The institutionally-embedded, public intellectual, which MacIntyre is, due to his high public
status and notoriety (and his prestigious perch at Notre Dame), all of which he quite deserves
and perhaps the greatest living Cathooli philosopher, no matter how brilliant and truth-telling
he may be about the evils of the natural-law eschewing, good-neutering-and-lobotomizing
nation-state in theory, must, it seems, repudiate and ridicule any suspicion as to the good-will
and righteousness of its actual concrete practices and institutions when these are politically
correct (and we don’t just mean leftist pieties here) and state-protected-sponsored practices
and institutions, that is, practices and institutions that create lots of money for certain powerful
people, that increase and protect the prestige of elites in medicine, psychiatrity, academica,
education, law, and the military- surveillance-national-security-intelligence apparatus, and that
promote fanatical, self-serving ideology—when they are practices and instititions bound up with
what I have called the satanic sacred.
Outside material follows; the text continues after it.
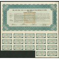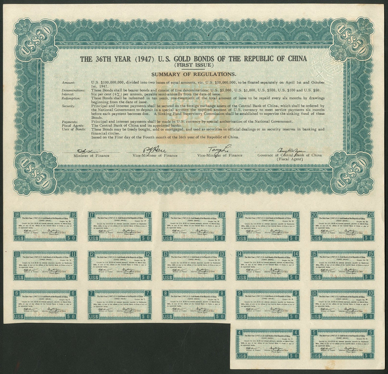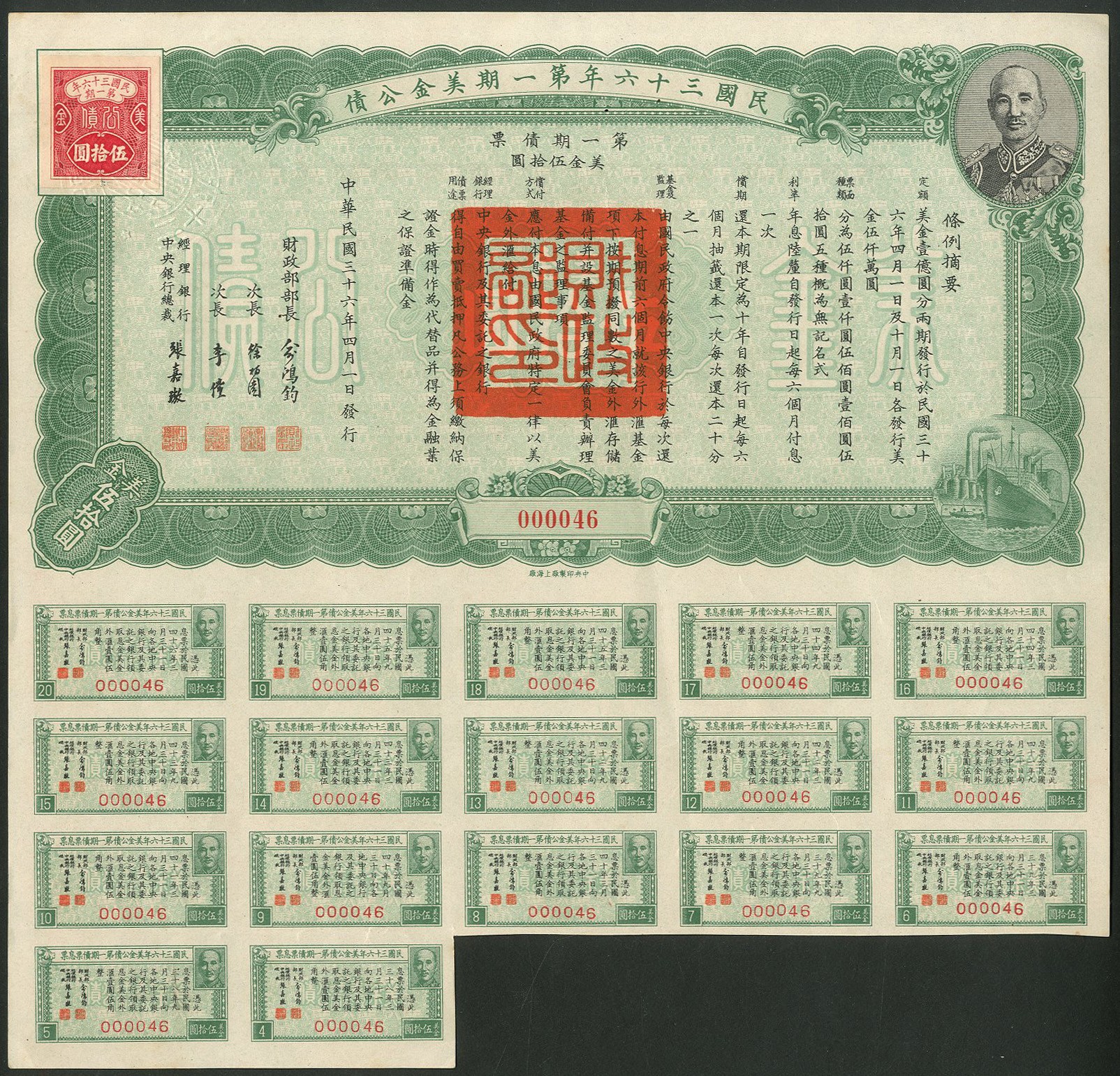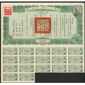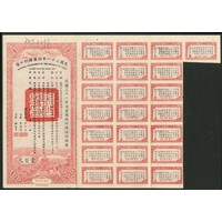 China: 1947 36th Year U.S. Gold Bonds, $50 bond, first issue, #000046, Chiang Kai-shek top right, red adhesive label top right, green, text in Chinese with English on the reverse, with coupons. $100,000,000 was authorised in two equal issues but we are yet to see any of the second. EF and rare.
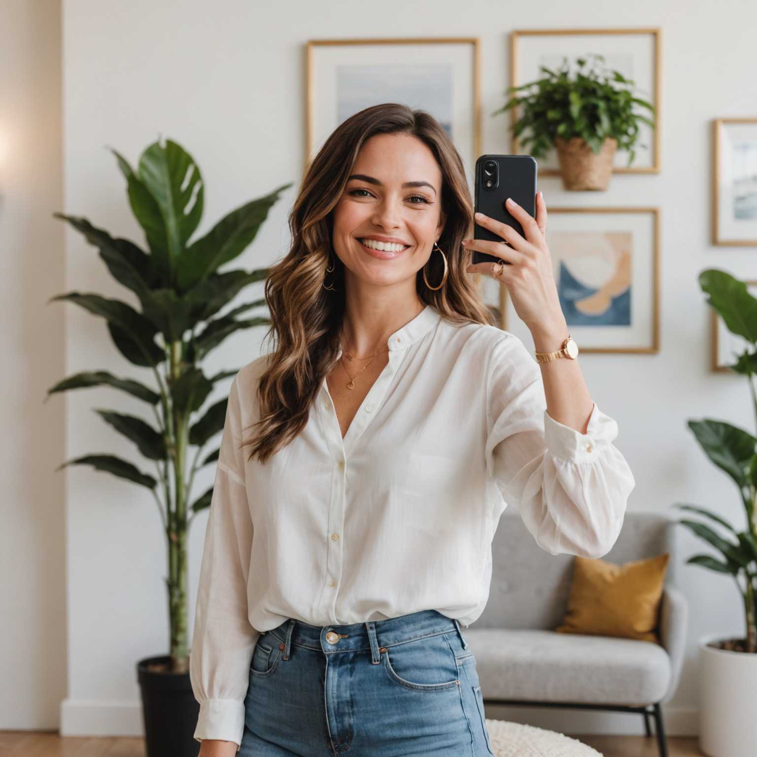 Eine Frau macht ein Selfie mit ihrem Smartphone. Sie lächelt und trägt ein stilvolles, lässiges Outfit: eine locker sitzende weiße Bluse, eine modische blaue Jeans und einige zarte Accessoires, darunter eine goldene Halskette und kleine Creolen. Ihr Haar ist in weichen Wellen gestylt und fällt ihr über die Schultern. Sie steht in einem gut beleuchteten Raum mit modernem Interieur, hellen Wänden und minimalistischer Dekoration. Im Hintergrund sind eine große Zimmerpflanze und gerahmte Kunstwerke an der Wand zu sehen. Das Bild fängt einen unbeschwerten und selbstbewussten Moment ein und betont Mode und soziale Medien Ästhetik.

The public intellectual must dismiss such suspicions as
nothing but the result of the pernicious influence of, say, mentally deranged “conspiracy
theorists” (or, perhaps, just radical Muslims and integral pro-lifers), an influence so
pernicious that it must be rigorously countered by respectable public Catholic intellectuals at big
conferences at Notre Dame.

It is a sad day when one of the greatest opponents of satanic, nihilistic liberalism is seen
fighting, unwittingly and with good will, no doubt, on behalf of the enemy.